First - keep yourself busy each day- I know we all know this but you need to go beyond thinking about it. Build in some structure into your day. A daily walk, a weekly lunch with friends or your significant other, a movie night.

Next- revisit all the things you thought about doing over the years but never got around to. So, household projects, a new career, volunteering, spending time with your friends. Make a list of everything you might want to do.

Finally, get support from others.  Talk to your significant other about your feelings and share your feelings with friends. Many of your friends may be in the exact position as you are.

Now, the relationship with your child. Their leaving home doesn’t mean the end of your relationship, but it does mean some changes. Three tips to help you and your child.

First- suggest a weekly chat on the phone with your child. It’s important to suggest, not demand. Try making it easy for your child by purchasing some prepaid calling cards.

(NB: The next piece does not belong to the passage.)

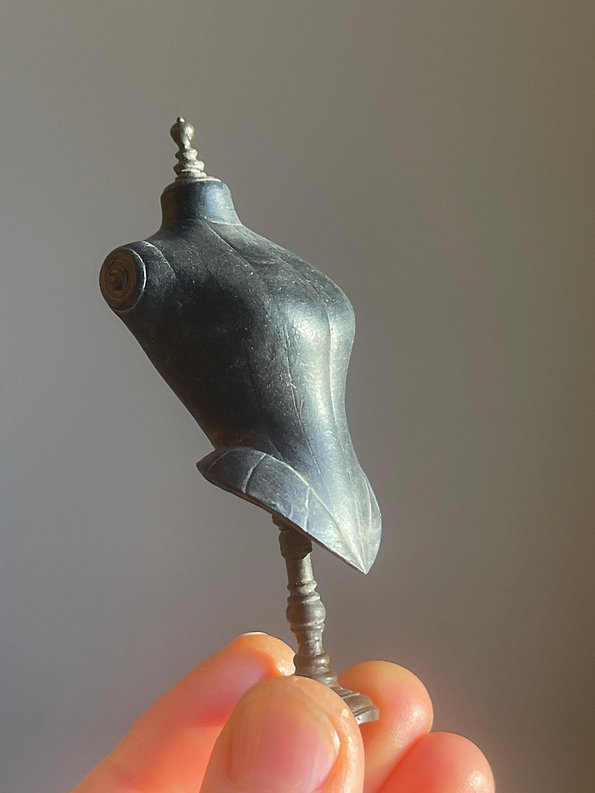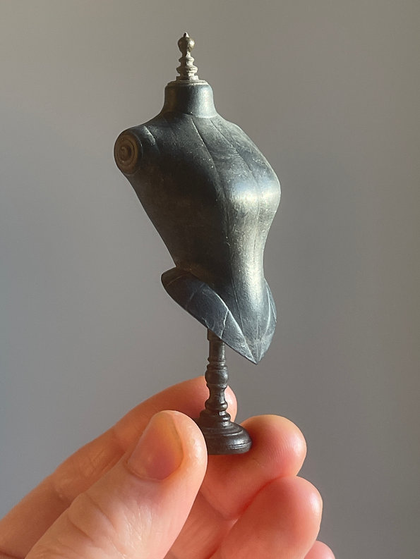The concept of the wasp waist was to wear a corset so extreme that it deformed the wearers waist. As a costumier (in a previous life), and having had the pleasure of making historical corsets, I am fascinated by this social history. Clothes were cut on a stand and so the mannequin had to reflect the shape of the wearer when she was wearing the corset. This is by no means the most extreme example of a wasp waist mannequin.

Next- send your child brief e-mails updating them on events at home. Letter writing is fine, but remember, your child grew up on email and you’re more likely to get a quick response from an email.

Finally, go ahead and make the care packages. Groceries, towels, pictures of events at home, and don’t forget the cookies. Most children on their own for the first time will really welcome a touch of home.

The key here is not to overdo it early on. Listen to your child, if they are receptive to these actions then move forward. If they want a little less then build gradually.

As tough as this time may feel, most people get through it and move on to the next phase of their lives. However, it is important to pay attention to your feelings. If you find yourself crying excessively or are so sad that you don't want to see friends or go to work, then you need to contact your physician or a mental health professional.